The pressure for new providers comes on several fronts: they need to have the time and devotion to wind their way through the various regulatory hurdles, they need to have the startup money and, perhaps most importantly, they need to have a unique angle that ensures their product stands out from an ever-growing crowd.
The Launching Process
Grail Advisors is one such relatively new ETF provider that successfully jumped over the various hurdles. Grail launched the industry’s first actively managed ETF in June 2009 – Grail American Beacon Large Value (NYSEArca: GVT).
The launch of a new ETF, especially when it’s your first, is a significant time and financial commitment. That means that if you want to be a player in the ETF industry, you’ve really got to want in. [3 Active ETF Misconceptions.]
Stacy Fuller, a member of the investment management practice group at K&L Gates, says, “I think they need to be prepared to make a real commitment and investment in the ETF marketplace. ETFs don’t always sell themselves; there can be big startup costs for an advisor.”
Every ETF starts with a filing with the Securities and Exchange Commission (SEC) for exemptive relief. This process alone can take anywhere from 9-18 months, says Fuller, who counsels actively managed, index-based and leveraged ETF providers on the exemptive application process.
The filing process for Grail took about 14 months, which was slightly longer than hoped, given that the provider was securing relief for a first-of-its-kind fund. [Pure-Play ETFs: Worth the Risk?]
After the exemptive relief is obtained, the ETF needs to be registered, which takes another 60-90 days, depending on the ETF’s strategy.
Once registration is done, the ETF provider needs to work with the SEC’s Division of Trading and Markets, get an interpretive letter and a listing standard.
“These are things any ETF needs, but the process is longer for actively managed ETFs,” Fuller says. This is largely because the groundwork has been laid for index-based ETFs to skip many of these steps, but that groundwork isn’t yet in place for actively managed ETFs. [Active ETFs: Why Low Volume Doesn’t Mean Illiquidity.]
“It can take quite awhile to get a new ETF out the door if you’re starting from scratch,” she says.
New ETF providers should be sure they’re going into ETFs for the right reasons. Given the time and money involved in getting funds off the ground, the passion has to be there.
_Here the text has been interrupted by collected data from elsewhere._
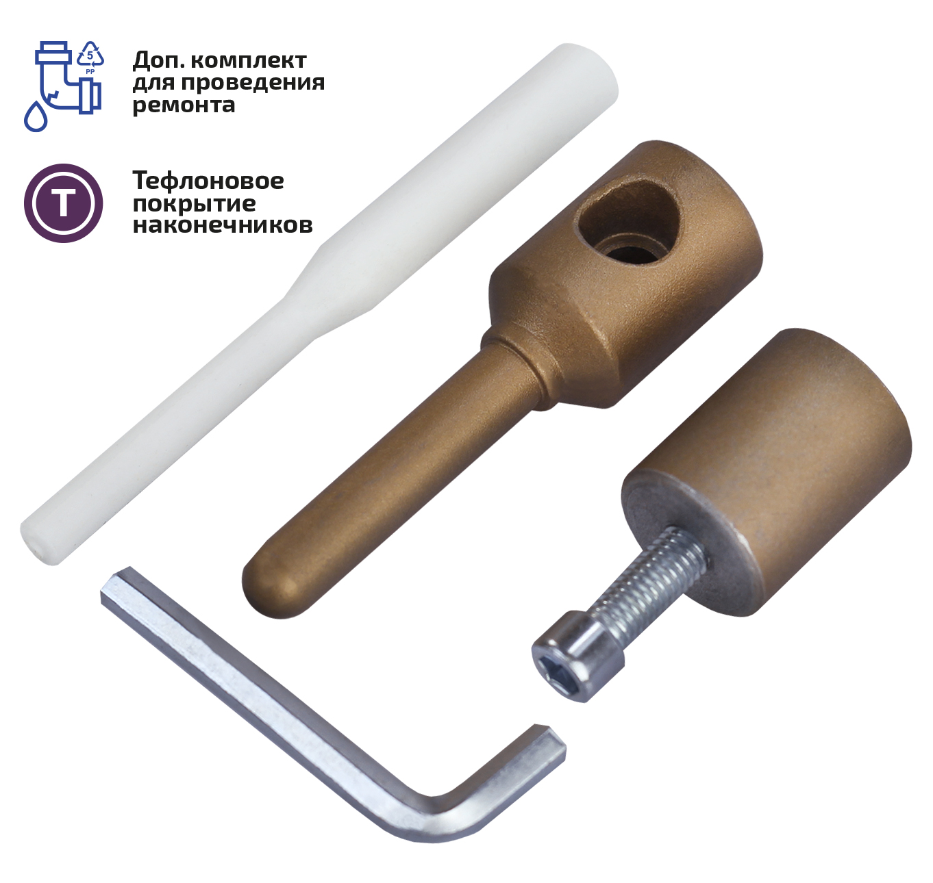 Комплект оснастки МЕГЕОН 98008 предназначен для ремонта полипропиленовых труб путём их сварки. Насадки устанавливаются на нагреваемую поверхность сварочного аппарата. Затем жалом одного из наконечников подготавливается отверстие в том месте, где образовался свищ или иное сквозное повреждение, влияющее на герметичность системы. Параллельно с этим ответной частью с углублением осуществляется подготовка полипропиленового прутка. После завершения подготовки отверстия в стенке трубки, быстро введите в него оплавленный край ПП- стержня. Смочите пальцы рук и кратковременными нажатиями уплотните края образовавшегося шва на стыке. Труборезом или ножовкой по металлу обрежьте оставшуюся часть с целью дальнейшего применения. Удалите заусенцы и неровности путём оплавления краёв среза. При необходимости повторной процедуры, осуществите действия описанные выше.
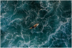 An aerial shot capturing a lone surfer navigating
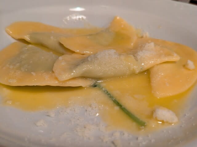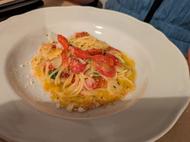1つsoupは撮り忘れた。これは奥さんのパスタ🍝。ニンニク🧄バリバリ効いてましたな。
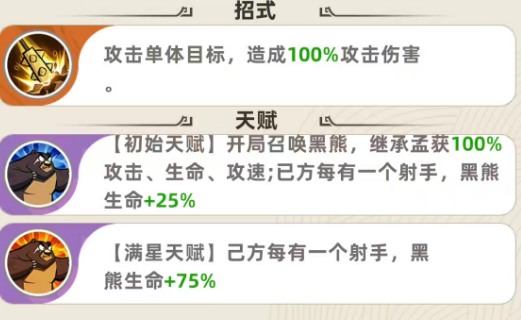 在有生命加成的情况下,黑熊可以在场上生活的时间更长久一些,保证了孟获他自身的生存功能,另外在他的天赋达到满星的情况下,此时召唤出来的黑熊,每有一个射手上场进行加成的时候,生命数值会增加的百分比变高,直接达到了75%的加成效果,所以在这里其实如果有更多的射手角色搭配的情况下,黑熊被孟获召唤出来以后,这里可用的时间也是非常久的,而且后期通过黑熊这样的功能,大家可以提升的输出也是比较多的,毕竟黑熊在场上会不断的对敌人进行进攻,这里还有孟获后期得到加成之后,他可以在场上生存的时间更长久,敌人带来的攻击数值也就自然会越高。
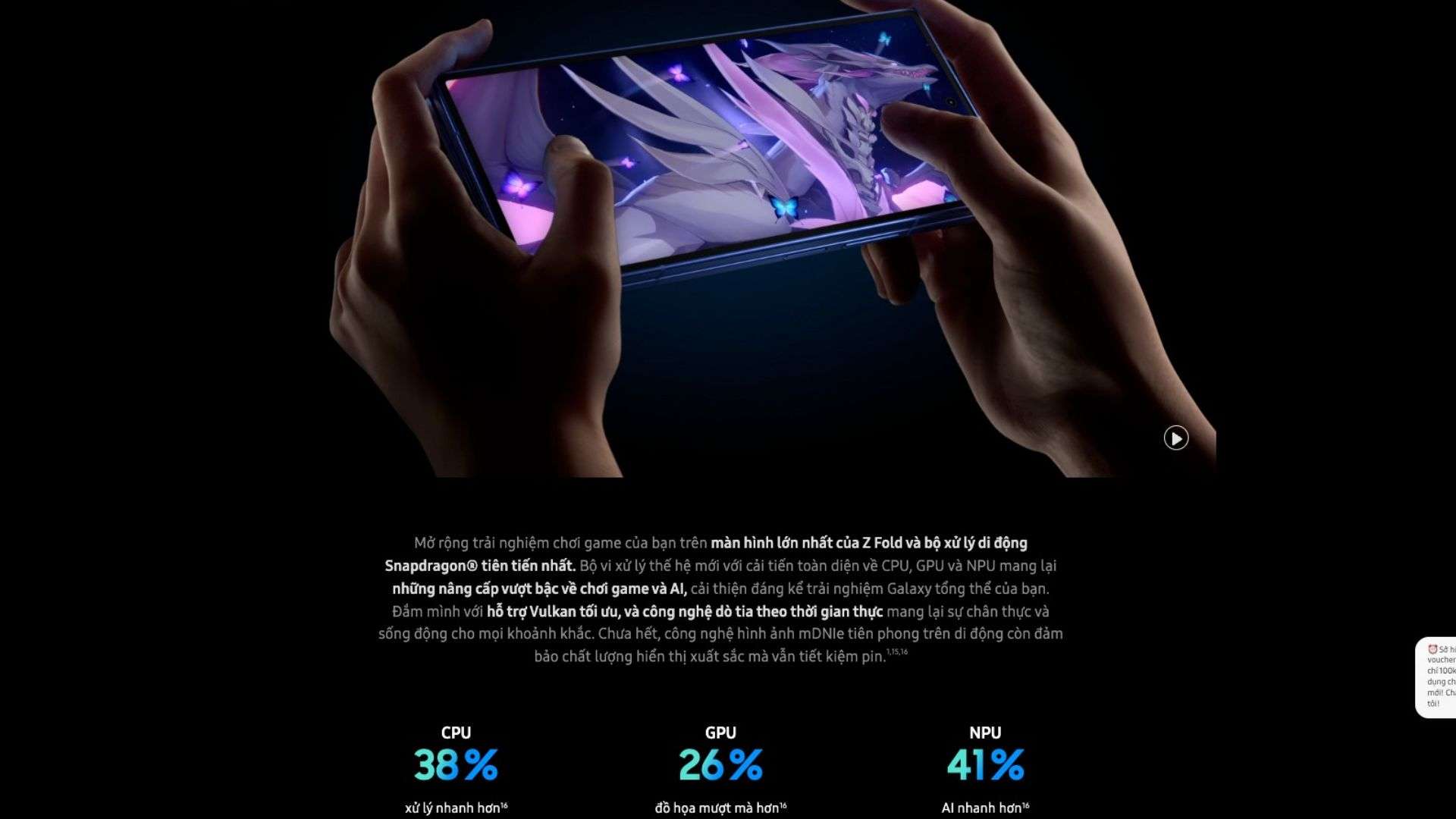 Galaxy Z Fold7 được trang bị chip Snapdragon 8 Elite for Galaxy, mang đến hiệu năng vượt trội so với Z Fold6. Cụ thể, NPU nhanh hơn 41%, CPU nhanh hơn 38%, và GPU nhanh hơn 26%, đảm bảo xử lý mượt mà mọi tác vụ, từ chỉnh sửa video 4K đến chơi game đồ họa nặng. Công nghệ Vulkanreal-time ray tracing tối ưu hóa trải nghiệm chơi game với hình ảnh chân thực và hiệu ứng ánh sáng sống động.
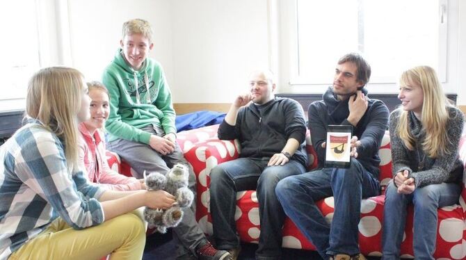 Beim SMV-Team laufen die Fäden für die Organisation der Projektwoche »Schule als Staat« zusammen. Zippora Klaiber (von links), Lea Wyndorps, Felix Mayer, Christian Schiff, Jochen Rohn und Deborah Häbe sowie noch einige Schüler mehr, die beim Fototermin nicht dabei sein konnten, treffen sich häufig in Pausen oder über die Mittagszeit. Das kleine Foto zeigt das Wappen des »Chillerländles« FOTO: PR
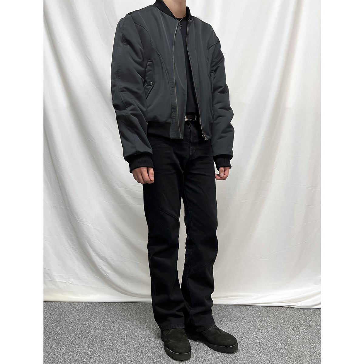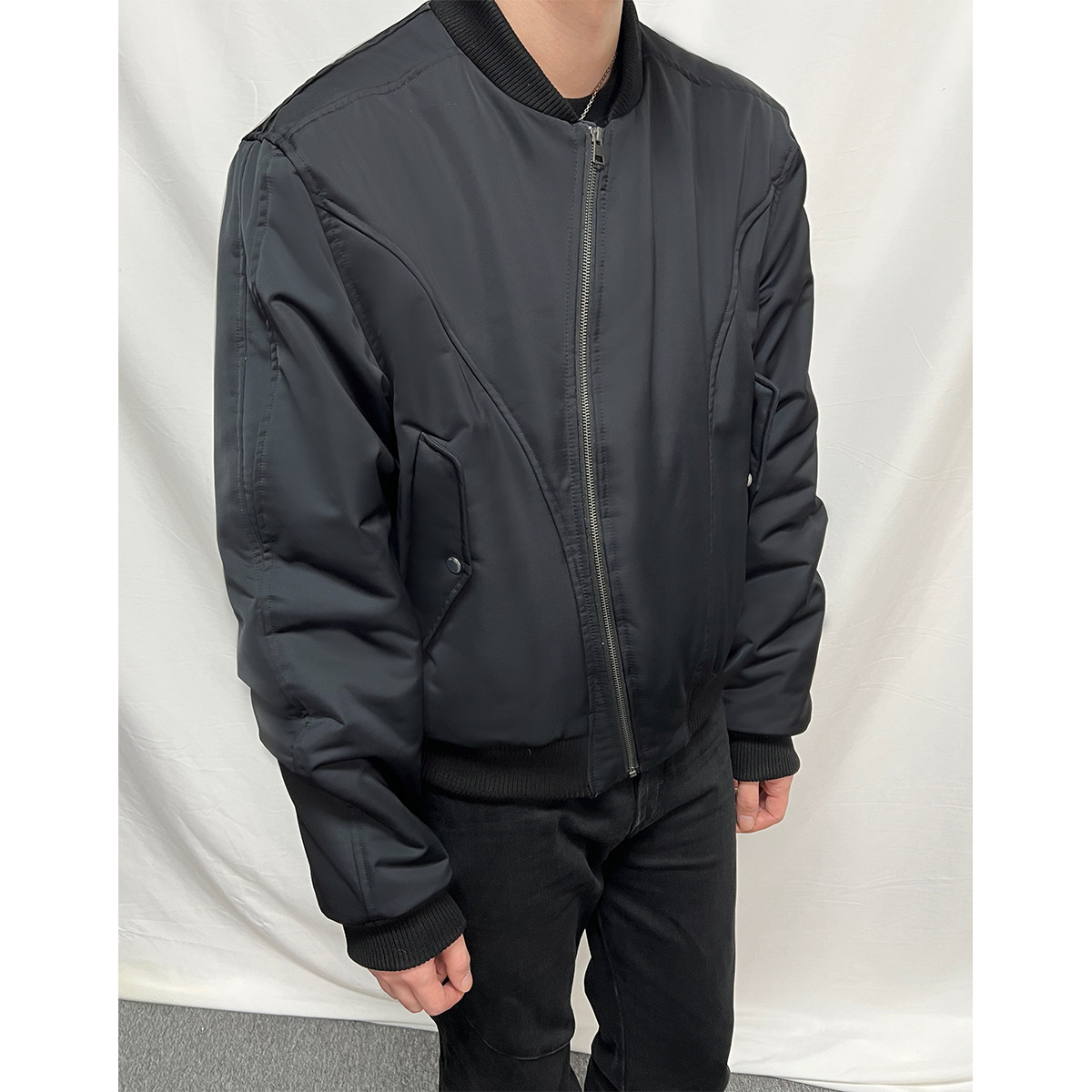 23FW弯刀弧形拉链裁片bomber空军棉夹克2.0 EXISTENCE

William Thomas, Grail Advisors CEO, says that new entrants are often either moving into the industry for offensive or defensive purposes. In other words, they’re either doing it because ETFs are the hot, new thing or because they truly have a vision for their product.
“A lot of firms are doing it for defensive purposes, and not really quite sure of what they want to do in the ETF marketplace,” says Thomas.
Finding the Right Partners
From the get-go, Grail’s vision was to secure subadvisors for all their funds and not manage money themselves. Thomas says they also don’t want to be tied to one investment firm for all of their strategies, but to find the best match for each strategy through a careful due diligence process.